Search code examples
scalaapache-sparkrdd

How to find spark RDD/Dataframe size?


I know how to find the file size in scala.But how to find a RDD/dataframe size in spark?

Scala:

object Main extends App {
  val file = new java.io.File("hdfs://localhost:9000/samplefile.txt").toString()
  println(file.length)
}

Spark:

val distFile = sc.textFile(file)
println(distFile.length)

but if i process it not getting file size. How to find the RDD size?


Solution

  • Yes Finally I got the solution.
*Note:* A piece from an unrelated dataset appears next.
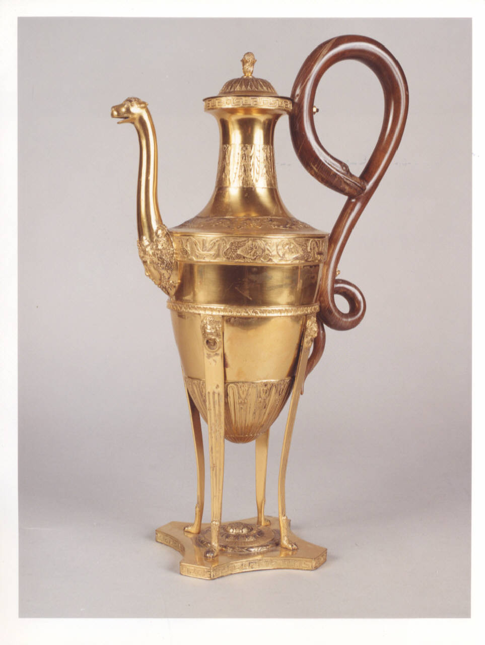Caffettiera in argento dorato con decoro a greche sul coperchio, a foglie sul collo; la base del corpo presenta un motivo a cigni che si innesta sul beccuccio a testa di animale e base con mascherone femminile; piccole maschere a testa d'animale nei sostegni; base quadrangolare piena con medaglione centrale. Manico in legno a forma di serpente.

Include these libraries.

    import org.apache.spark.sql.Row
    import org.apache.spark.rdd.RDD
    import org.apache.spark.rdd
    

    How to find the RDD Size:

    def calcRDDSize(rdd: RDD[String]): Long = {
      rdd.map(_.getBytes("UTF-8").length.toLong)
         .reduce(_+_) //add the sizes together
    }
    

    Function to find DataFrame size: (This function just convert DataFrame to RDD internally)

    val dataFrame = sc.textFile(args(1)).toDF() // you can replace args(1) with any path
    
    val rddOfDataframe = dataFrame.rdd.map(_.toString())
    
    val size = calcRDDSize(rddOfDataframe)